*** Begin section ***

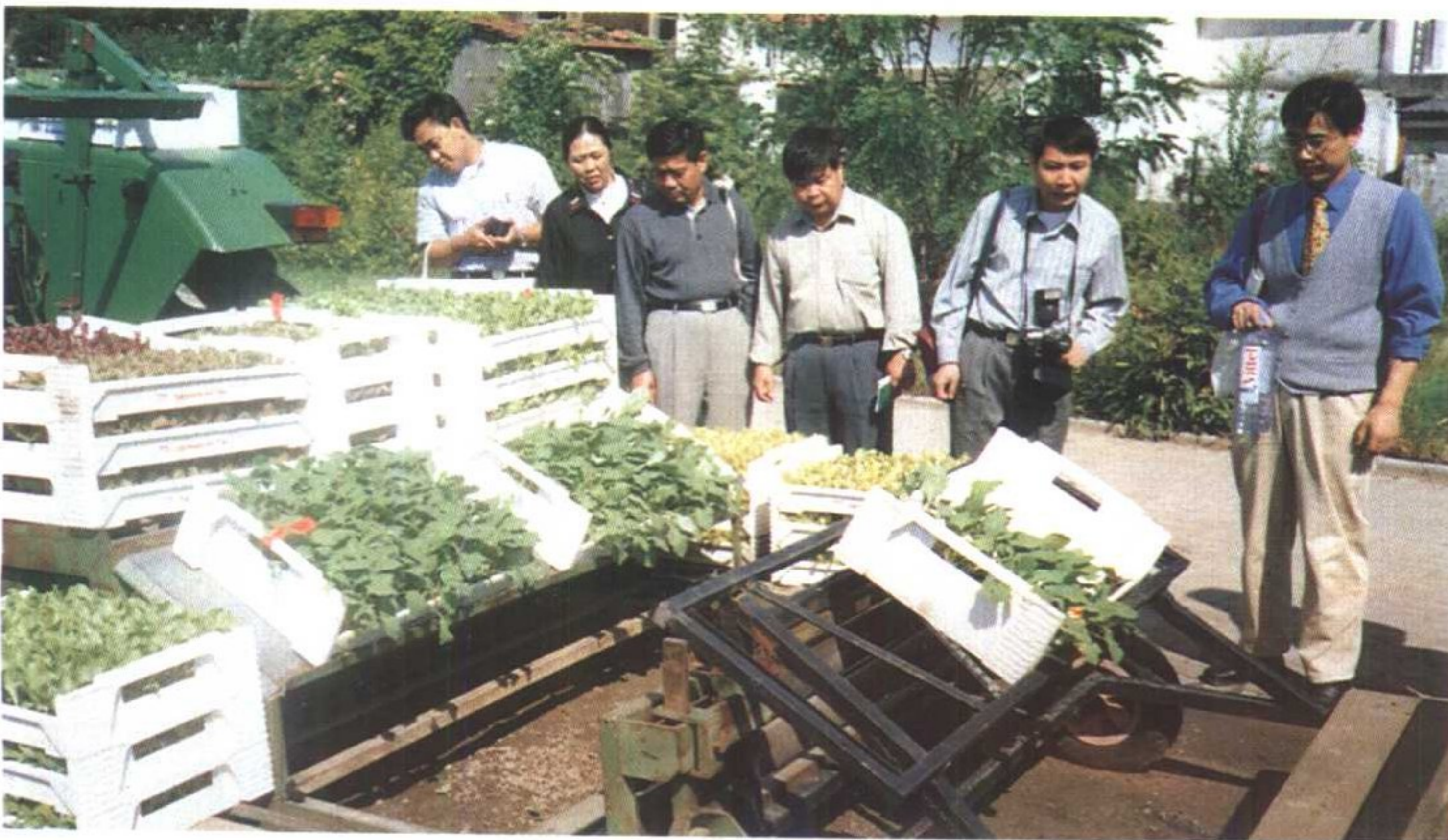
有机农业中广泛使用农业机械
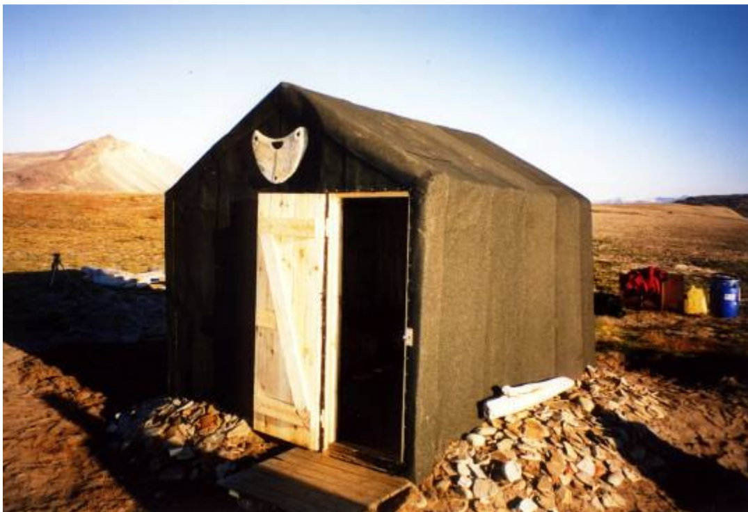
- og som den så ud, da vi forlod den.

Der blev fremstillet ny dør og skodder. Under vores ophold i Holm Bugt blev vi rigtig forkælede – og stiftede bekendtskab med den højere franske gastronomi under arktiske himmelstrøg.
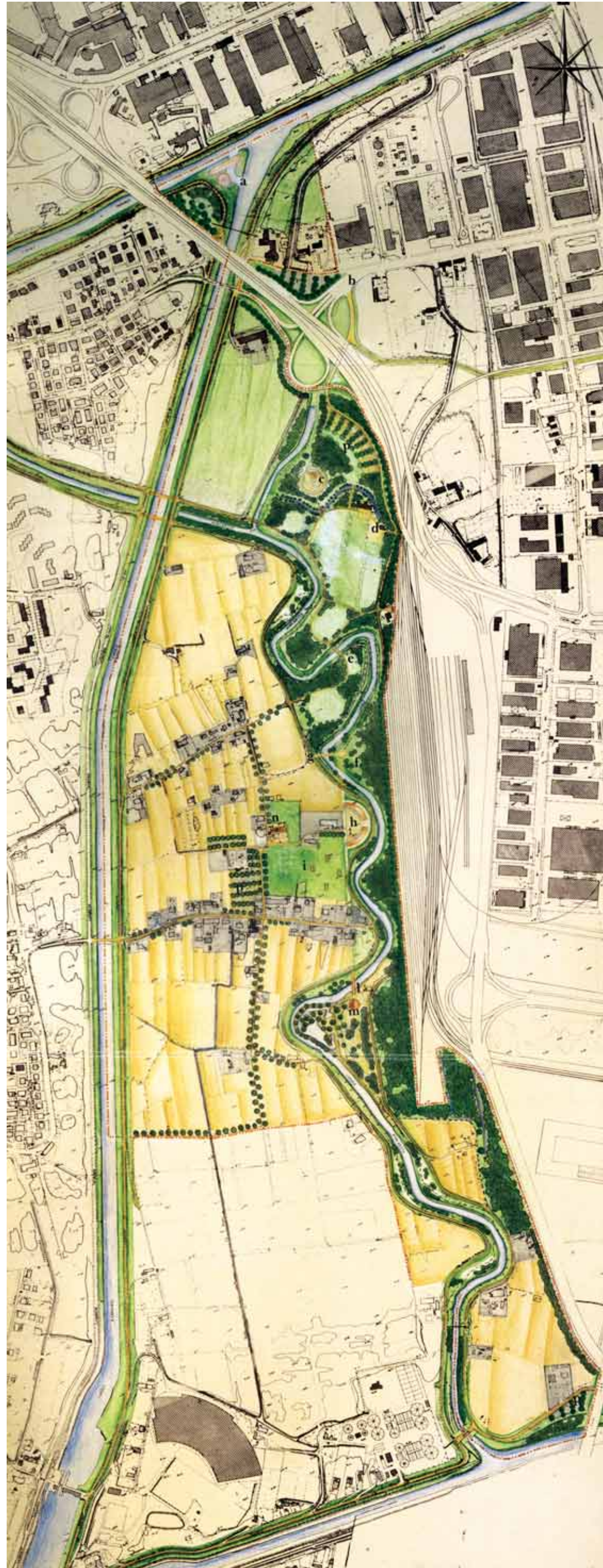
RONCAJETTE PARK PLAN BY FILIPPO PECCHINI

ALL ILLUSTRATIONS ARE FROM THE BOOK RITORNO AI RONCAJETTE . Abrami, Giovanni; Ballo, Mariangela; Meneghini, Costantino; Pecchini, Filippo. Ritorno ai Roncajette . Interporto Merzi Padova S.p.a. Consorzio Zona Industriale e Porto Fluviale di Padova Euganea Editoriale Comunicazioni srl - Padova March, 1990.
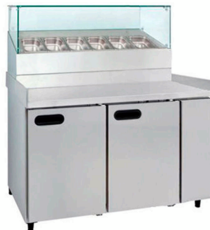
Modelo Normal | Normal Model | Modèle Normal | Modelo Normal
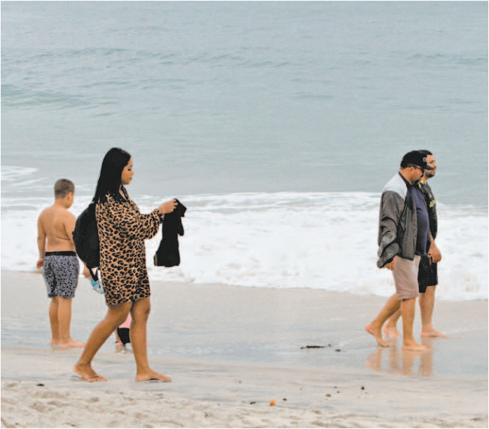
Clima será de muito frio e chuva para os cariocas nesta semana
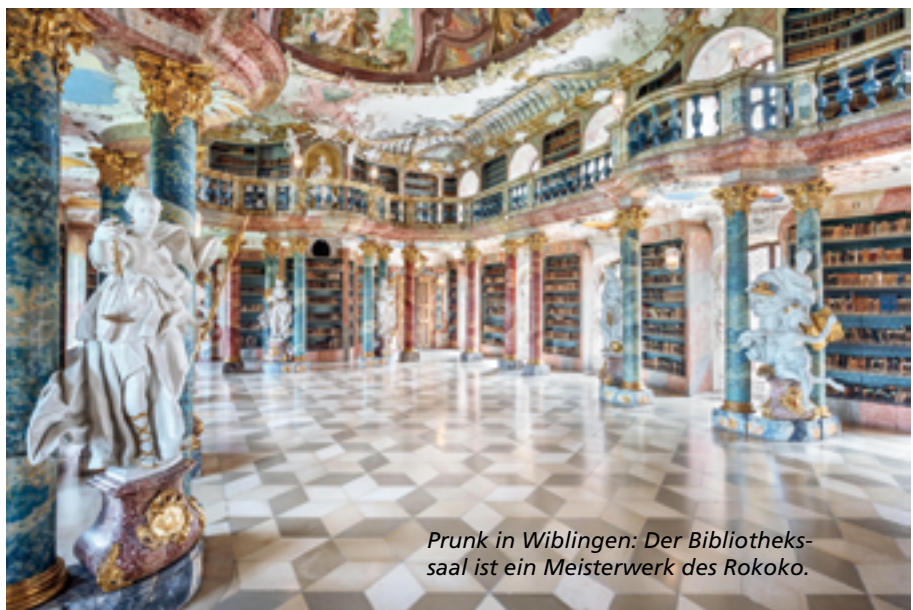
Prunk in Wiblingen: Der Bibliothekssaal ist ein Meisterwerk des Rokoko.

U lms touristischer Trumpf ist das berühmte Münster. Im Süden der Stadt findet sich aber mit dem imposanten Kloster Wiblingen eine weitere großartige Sehenswürdigkeit. Das Kloster wartet mit prachtvollen Räumlichkeiten auf. Ein Höhepunkt ist sicherlich der wunderschöne Bibliothekssaal. Er gilt als die gelungenste Raumschöpfung des Rokoko. Im Zentrum der beeindruckenden Anlage steht die große Klosterkirche St. Martin aus der spä-
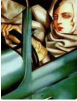
1. Tamara de Lempicka, Autoretrato en un Bugatti verde
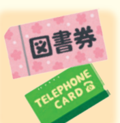
【図書券・テレカ・金券】
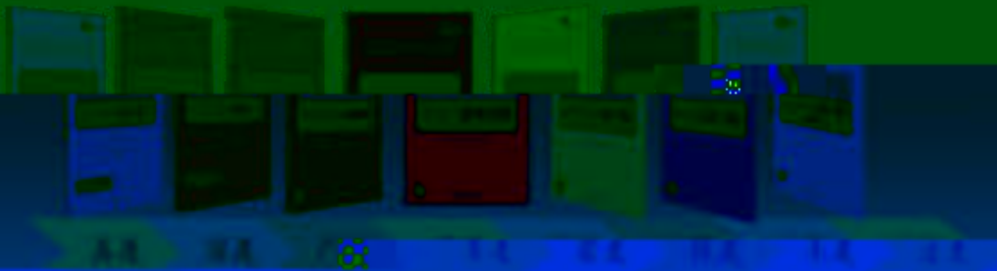
一体化课程教学设计 综合实训基地
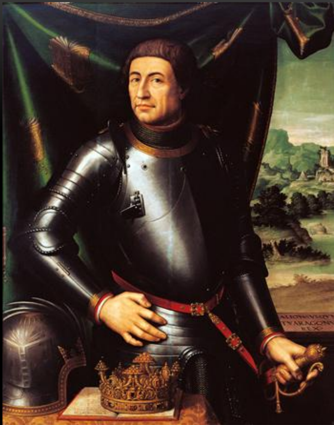
Alfonso D'Aragona, duca di Bisceglie
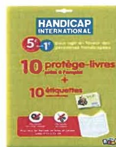
Kit 10 protège-livre
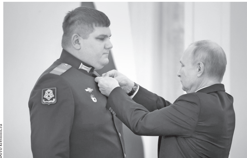
Владимир Путин вручил медаль «Золотая Звезда» Герою России сержанту Юрию Мизерному

— Сегодня под сводами Георгиевского зала Кремля, который олицетворяет величие воинской, ратной славы России, мы чувствуем героев нашего Отечества, людей, чьи выдающиеся дела, свершения и поступки навсегда будут вписаны в историю нашего государства, нашей родной страны, — сказал Президент России Владимир Путин перед церемонией награждения. — Время не властно над памятью народа. Из поколения в поколение передаются чувства благодарности и преклонения перед героями, перед мужеством тех, кто в разные времена и эпохи на полях сражений защищал свободу и независимость Отечества, перед трудом и талантом великих учёных, первооткрывателей, управленцев, деятелей культуры, умножавших славу России. Наш долг — знать и чтить героев,
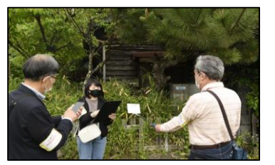
アプリを使用した空き家調査
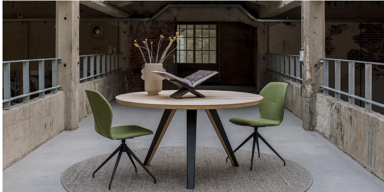
Table Ronde Manhattan
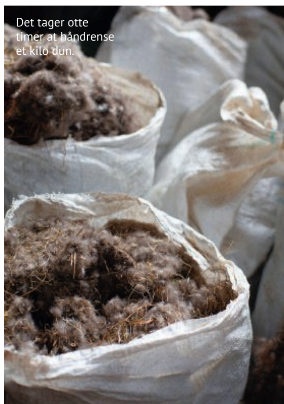
Det tager otte timer at håndrense et kilo dun.
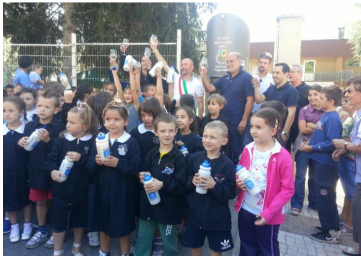
Inaugurazione del fontanello ecologico a Poggi piano antistante l'ingresso della scuola avvenuta il 12 settembre 2014
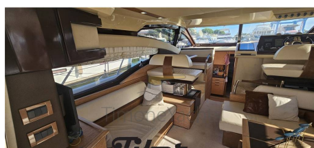
Tiber Yacht XP
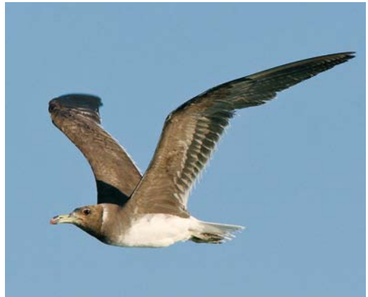
26 White-eyed Gull / Witoogmeeuw Larus leucophthalmus , juvenile, El Gouna, Egypt, 5 October 2007 ( Edwin Winkel ). Typical bird with whitish face and chin, buffy scales on upperparts, all-black bill and dull yellow legs. 27 White-eyed Gull / Witoogmeeuw Larus leucophthalmus , juvenile, El Gouna, Egypt, 8 September 2008 ( Edwin Winkel ). Black bill, yellowish legs and whitish chin characteristic but less pronounced bird than bird in plate 26. 28 White-eyed Gull / Witoogmeeuw Larus leucophthalmus , second-winter, El Gouna, Egypt, 10 October 2007 ( Edwin Winkel ). Hood and bare parts still very like first-summer but upperparts now concolorous. Scattered brown-tinted feathers visible and greater coverts darker than in adult. 29 Sooty Gull / Hemprichs Meeuw Larus hemprichii , adult moulting to winter plumage, El Gouna, Egypt, 14 September 2009 ( Edwin Winkel ). All striking features have gone and bird is more uniform in coloration. Head has turned brown and white neck-ring and eyelid less prominent. Green bill (including markings) and legs inconspicuous but red orbital ring suddenly stands out! Flight-feathers and tail very worn and about to be moulted.

white partial eye-ring above and below the eye (eye-lids) are conspicuous (these eye-lids gave the species its scientific and English name). In winter, White-eyed also becomes duller. The neck collar turns almost grey and the black hood shows white streaks, most prominently on forehead, chin and throat. The legs become more green and the red of the bill gets a blackish wash.
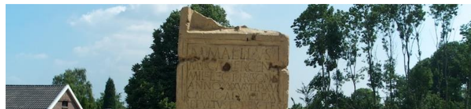
Figuur 12: Grafsteen Marcus Mallius bij Carvium ad Molem op de Herwense dijk

Dit project heeft als doel verborgen verhalen in het landschap weer tot leven te wekken met behulp van creatieve en innovatieve techniek. Een goed voorbeeld hiervan is het verdronken dorp Leuffen in de gemeente Duiven of de resten van de Romeinse forten (Romeinse Limes) die onder water in het recreatiegebied de Byland aanwezig zijn. Ook de geschiedenis en invloed van het water in de Liemers kan op deze manier inzichtelijk gemaakt worden. Dijkdoorbraken en veranderende waterlopen hebben immers een grote invloed gehad in de Liemers. Veel van deze historie ligt langs bestaande of verdwenen routes in het landschap.
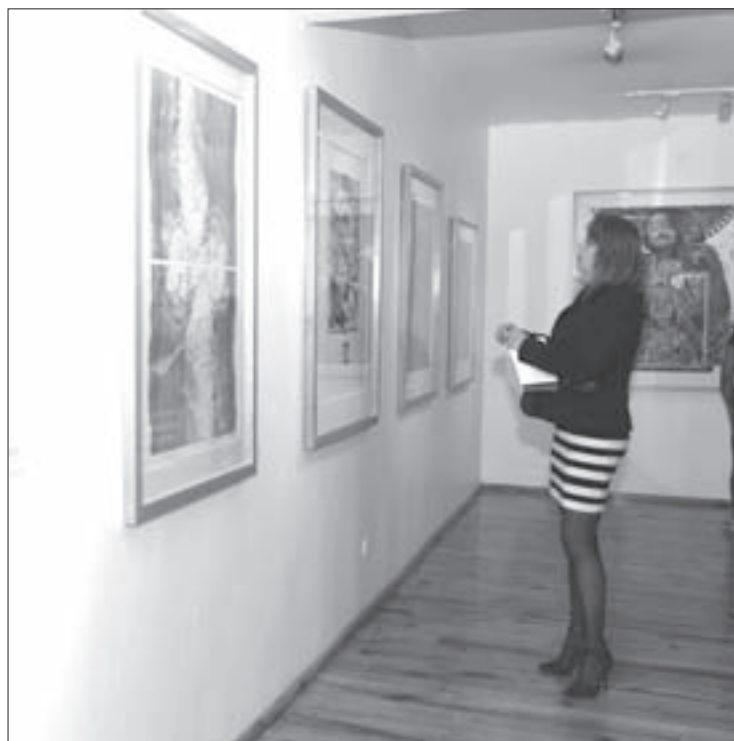
La muestra permanecerá abierta hasta el 15 de enero

La exposición puede visitarse de lunes a viernes, de 9:00 a 20:00 horas, y sábados y domingos de 9:00 a 14:00 y de 15:00 a 20:00. El acceso es gratuito.
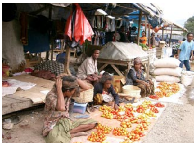
Palmira Permata Bachtiar/SMERU
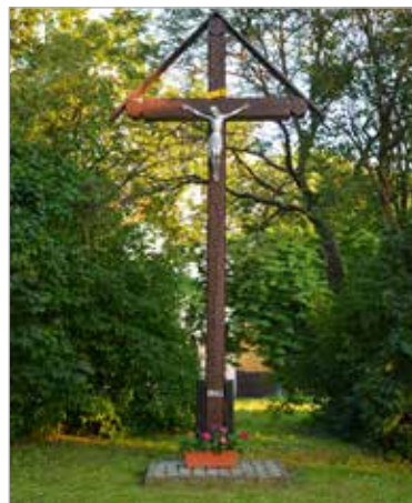
Drewniany krzyż z 1945 r.
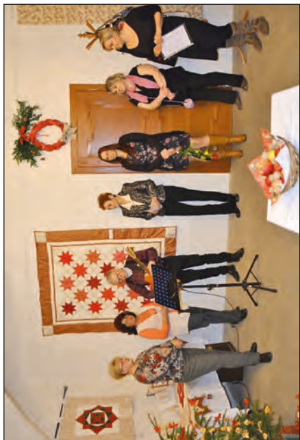
Vernisáž výstavy Kouzelný patchwork
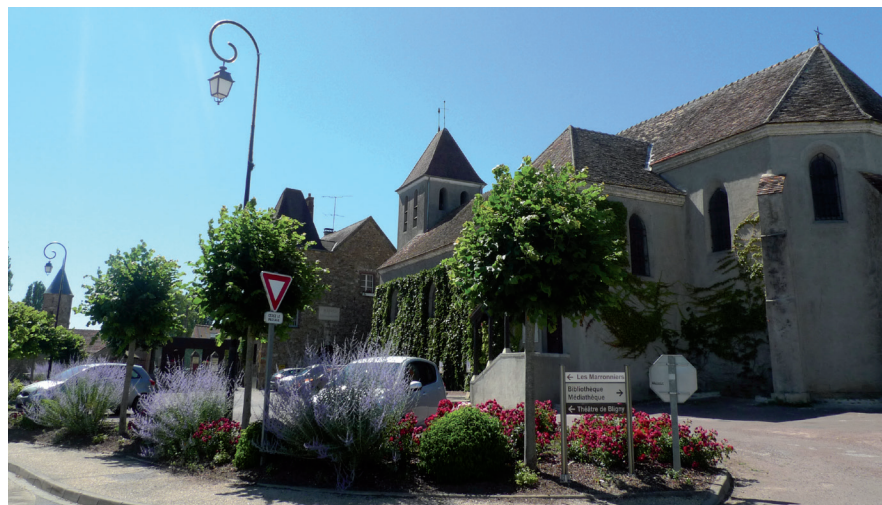
Place de l'église
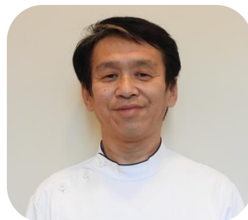
田無病院 看護部長
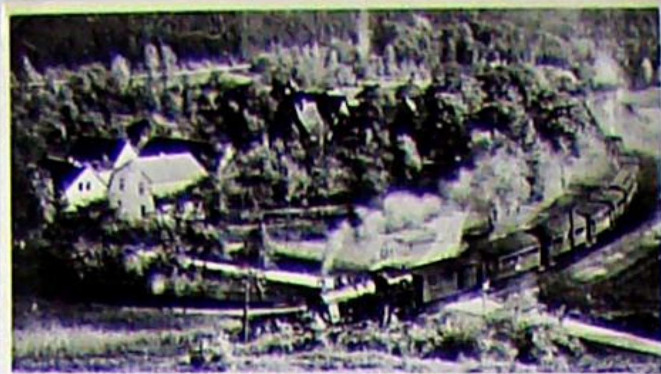
Strecke auf Hetschburg a. d. Thier Doppelpersonenzug auf der Fahrt von Bad Berka nach Weimar bei Hetschburg 1940

*** End section ***

--- WORK REQUIRED ---
From the line containing "Palmira Permata Bachtiar/SMERU" down to the end of the listing above, every line is to be returned exactly, though the pictures are not.

--- OUTPUT FOR THIS EXERCISE ---
Palmira Permata Bachtiar/SMERU
Drewniany krzyż z 1945 r.
Vernisáž výstavy Kouzelný patchwork
Place de l'église
田無病院 看護部長
Strecke auf Hetschburg a. d. Thier Doppelpersonenzug auf der Fahrt von Bad Berka nach Weimar bei Hetschburg 1940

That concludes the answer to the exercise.